While many people read for fun, everyone needs to read to be successful in today’s economy, said Ron Wolfe, co-chair of Madison County Project Read’s Read-a-Thon conducted held Saturday at Richmond City Hall.
Even with the emphasis on education in Madison County, home to two institutions of higher learning, “We still have hundreds of people who read very poorly if at all,” Wolfe said.
Project Read offers tutoring in math, reading and English as a second language for individuals 16 and older, he said. “The annual Read-a-Thon is held to make people aware of the services we offer and to recruit tutors.”
The goal of Project Read’s tutoring is to help students qualify for the General Education Diploma (GED), Wolfe said.
In recent years, the Read-a-Thon was conducted in the Richmond Mall, but this year the event was moved to Richmond City Hall to facilitate video taping, Wolfe said.
The Read-a-Thon tape will be shown on Adelphia Cable Channel 12 for the first time March 3. “We hope to have it shown several other times as well,” he said.
Readers came from all parts of Madison County and included Richmond Mayor Connie Lawson, Berea Mayor Steve Connelly and Eastern Kentucky University President Joanne Glasser.
A group of third-graders from Model Laboratory School read compositions they wrote as if they had been passengers of the ill-fated Titanic, the supposedly “unsinkable” ship that went down in the chilly waters of the Atlantic Ocean after hitting an iceberg in April 1912.
The children imagined themselves as passengers in various classes aboard the ship, from rich to poor.
While describing the terror and tragedy that occurred all around them, the students wrote scripts with happy endings for their families.
All described how Titanic crewmen “shoved” or “forced” their fathers onto lifeboats with their wives and children despite the captain’s orders that only women and children be allowed on the lifeboats.
With TDS Restaurants, owner of the Richmond McDonald’s franchise as its sponsor, the Read-a-Thon’s list of more than 70 readers included Ronald McDonald.
While the young school children were still present, Ronald read “Five Little Monkeys Wash the Car.”
“This is a story that I enjoyed when I was just a little clown,” he said.

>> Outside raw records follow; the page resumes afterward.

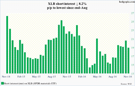 On November 3, XLB found support at the lower Bollinger band, and never looked back, further bolstered by the Trump rally; resistance at $49-plus stopped the advance during the period. This probably led shorts to not give up completely. Short interest was down but not huge.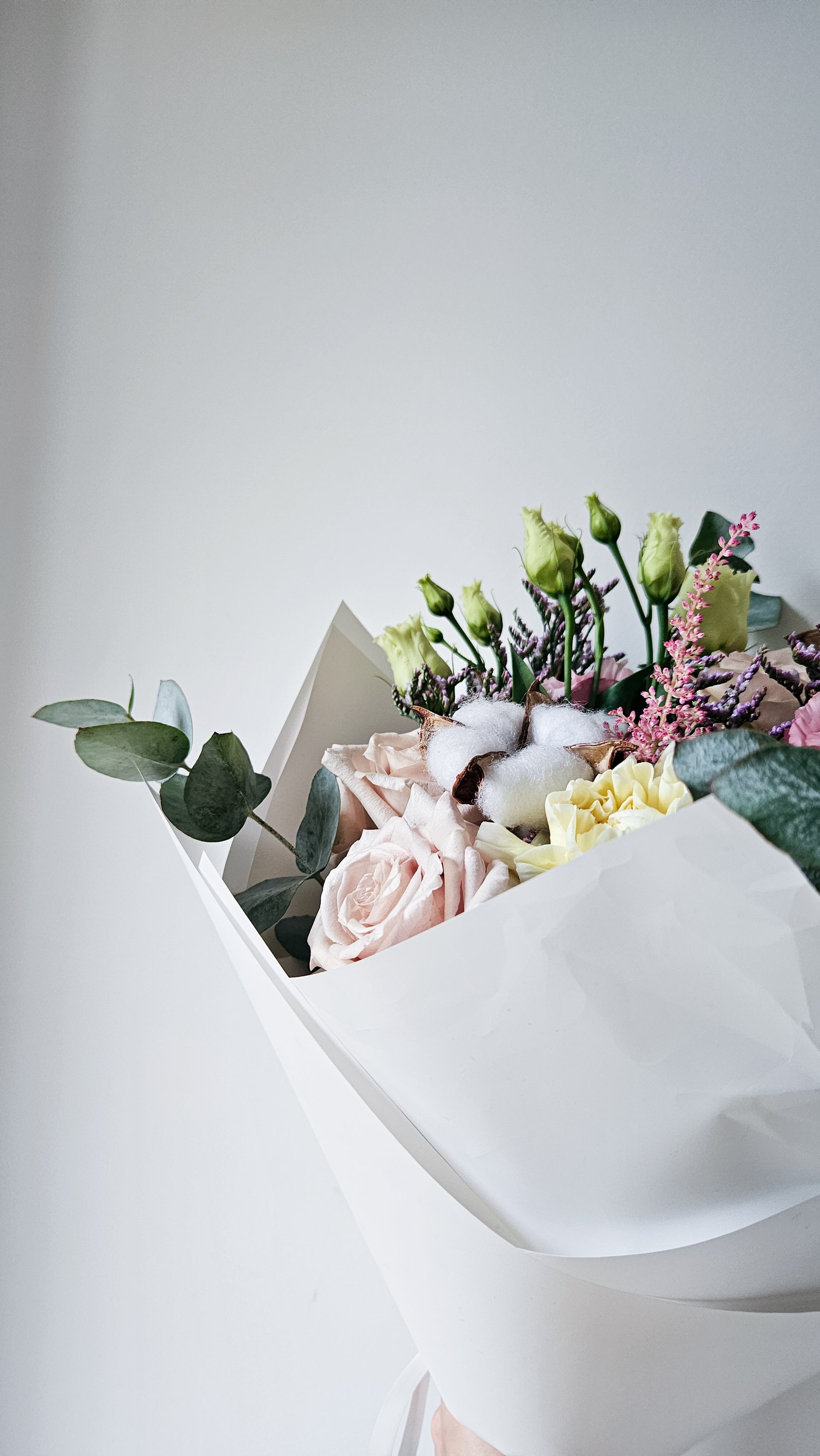 Ši puokštė – tarsi tyliai krintančių snaigių prisilietimas. Joje dera šviesių atspalvių gėlės ir purūs medvilnės burbuliukai, primenantys sniegą ant žiemos šakų. Subtili, švari ir rami kompozicija, puikiai tinkanti Kalėdoms ar dovanai žmogui, kuriam norisi perduoti švelnų rūpestį.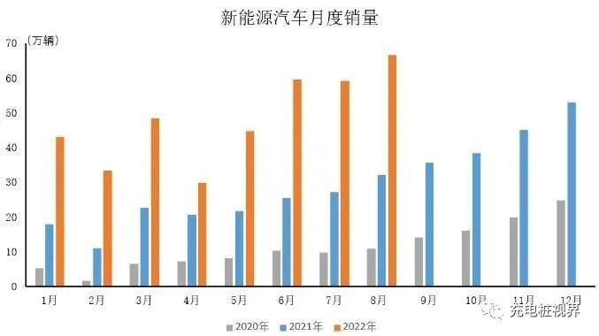 2022年8月,新能源汽車產(chǎn)銷產(chǎn)銷再創(chuàng)歷史新高、分別完成69.1萬輛和66.6萬輛,產(chǎn)銷同比分別增長1.2倍和1倍。

Some seventh-graders from Madison Middle School read papers they had written for a statewide soil conservation essay contest.
“We must conserve the rich soil that makes the grass in Kentucky so green,” one student wrote. “It’s so green it’s called bluegrass.”
During the Read-a-Thon, Project Read recognized its longest-serving board member, retired EKU English professor Dr. Martha Conaway. She also took her turn reading.